Above all, it was not a game.

Which is where I start to have problems with Ghost Wall by Sarah Moss. It is a highly-praised book, and I can understand and appreciate why that should be so. And yet I kept running up against doubts and questions.

ghost wall by sarah mossThe setting is an exercise in experimental archaeology that has been set up by a professor and three of his students. Also taking part in the exercise are a working class family, Dad, a bus driver who prides himself in being an enthusiastic and reputable amateur when it comes to ancient British history, his wife, and their daughter, Sylvie, who is the narrator. That’s rather too small a group to recreate Iron Age living, but it is just about acceptable for dramatic purposes.

The problem I have is that at no time do we get any notion of what the archaeologists are doing there. There is no aim to the experiment, and there has been no preparation for the experiment. When the students are sent out to forage for food, they have no notion of what foods might be found, or what might be edible and what poisonous. And the same goes for the professor, who has not prepared either his students or himself, and who seems to have no idea what he is doing from one moment to the next. As the supposed expert – he is, after all, teaching a course on experimental archaeology – it is as if he has suddenly found himself dumped in the Iron Age with no idea what to do next.

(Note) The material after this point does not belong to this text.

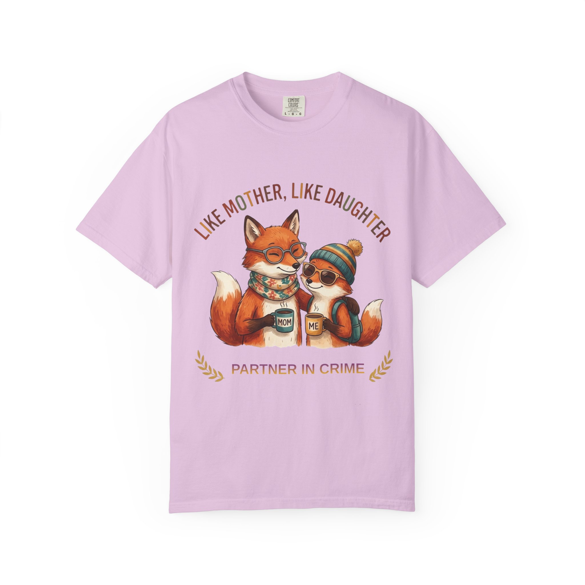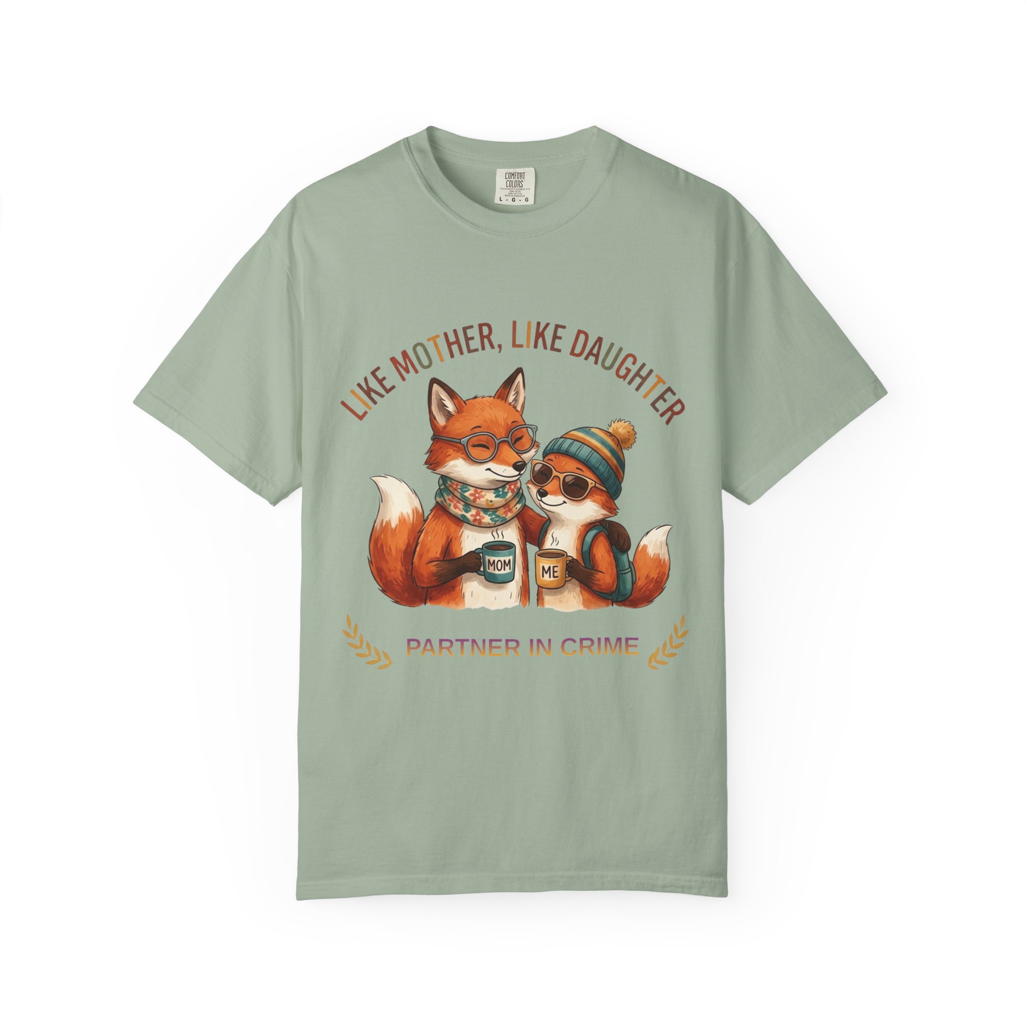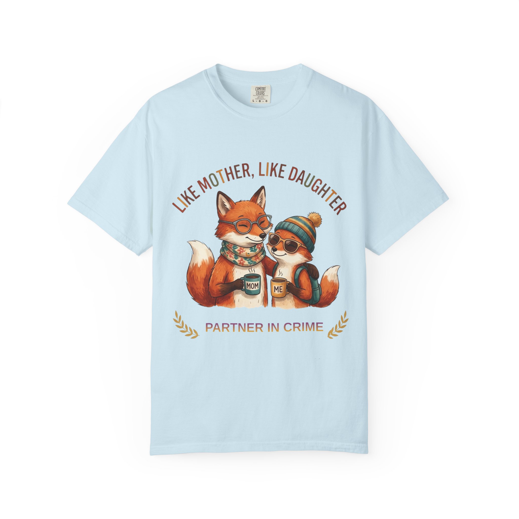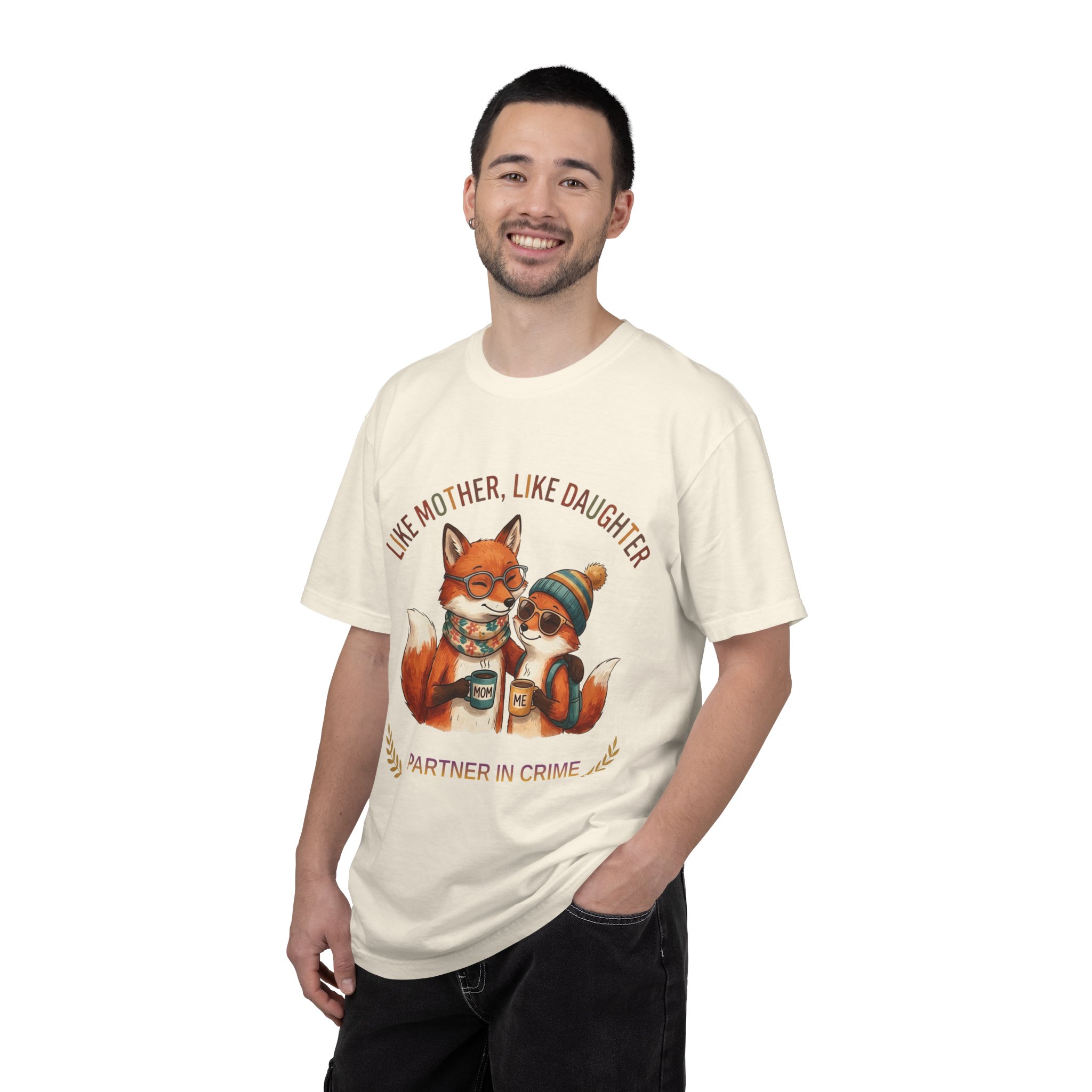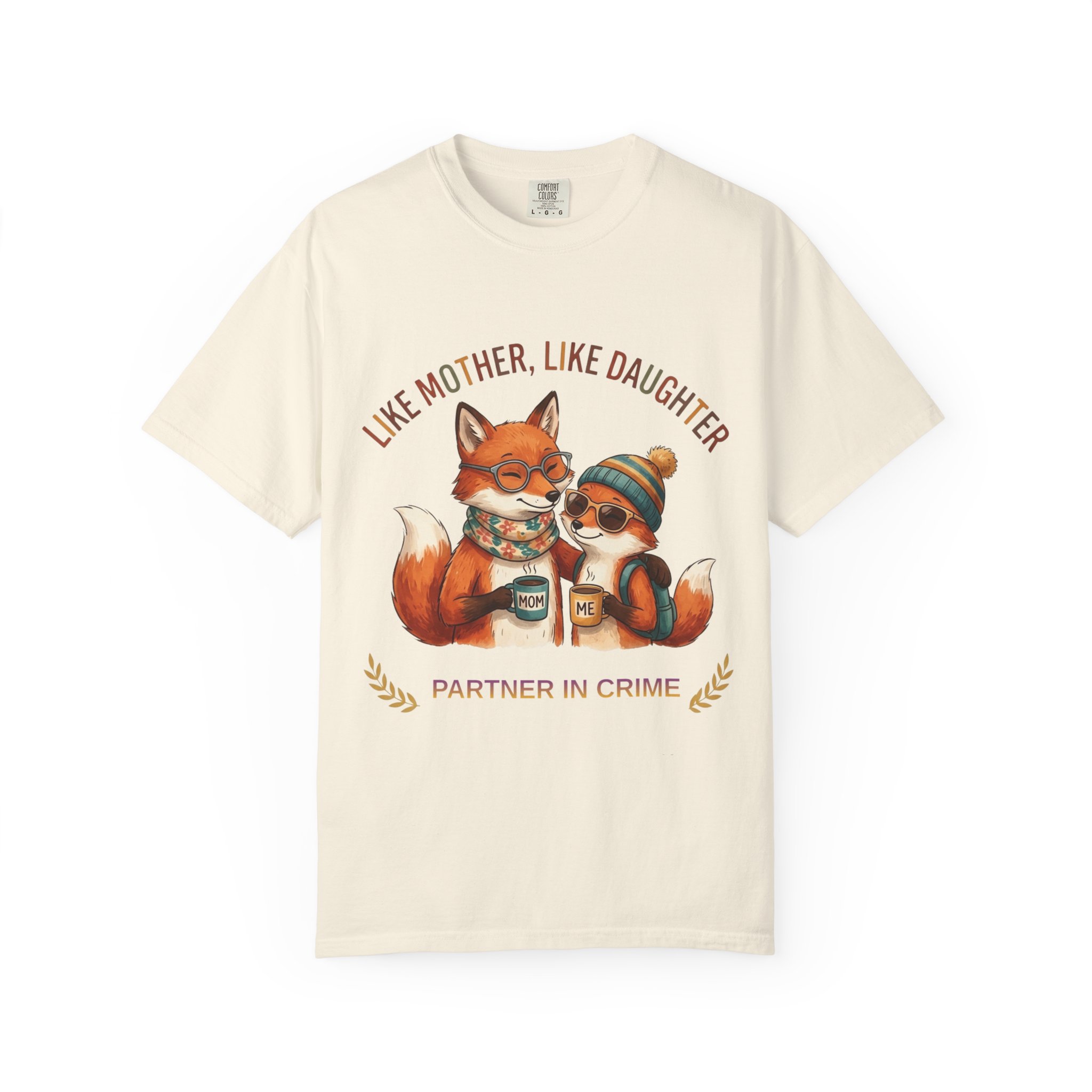 Slip into a soft, garment-dyed tee that feels lived-in from the first wear. This relaxed-fit shirt shows a warm illustration of a fox pair—mother and child—cuddled with little winter hats and scarves, captioned “Like Mother, Like Daughter” and “Partner in Crime.” It reads like a quiet, cozy moment: strolls through crunchy leaves, shared hot cocoa, and inside jokes that only the two of you laugh at. The heavyweight, tubular-knit fabric and garment-dyed finish give the design a gentle, vintage palette and a comforting hand. Sized from S to 4XL and available in many hues, it layers easily under jackets or stands alone on cool mornings during family outings, holiday visits, or casual days at home.

And because he is clearly not taking any of this seriously, neither do the students. They are all playing at the Iron Age, and by extension they are all playing at archaeology, even though for all four of them that is their chosen profession.

The only one taking any of this serious, and this is of course the point of the book, is Dad. Through him, of course, both Mum and Syl take it seriously, but only because they are terrified of Dad. And Dad is living in the past in more senses than one. He is the old-fashioned northern working class patriarch who rules his family by intimidation and violence. He is ready in an instant to thrash anyone who lapses from his strict and absolute rules. He is a monster, and far and away the most vividly drawn character in the novel. (But then, monsters do tend to leap off the page, don’t they?)

While the focus is on these three – horrific Dad, Mum cowed to inertia, and Syl more alert to what might trigger Dad’s violence than to anything else around her – the novel is chilly, sharp and powerful. But it needs the others. Or rather, it needs two of the others, the two male students are largely undifferentiated extras there to bulk out a scene as necessary. In the first place, it needs Molly, the careless, sybaritic student who gradually comes to realise what tortures, mental and physical, Syl is enduring. Molly is bright, mercurial, a flashing contrast to the dark, foreboding bulk of Dad.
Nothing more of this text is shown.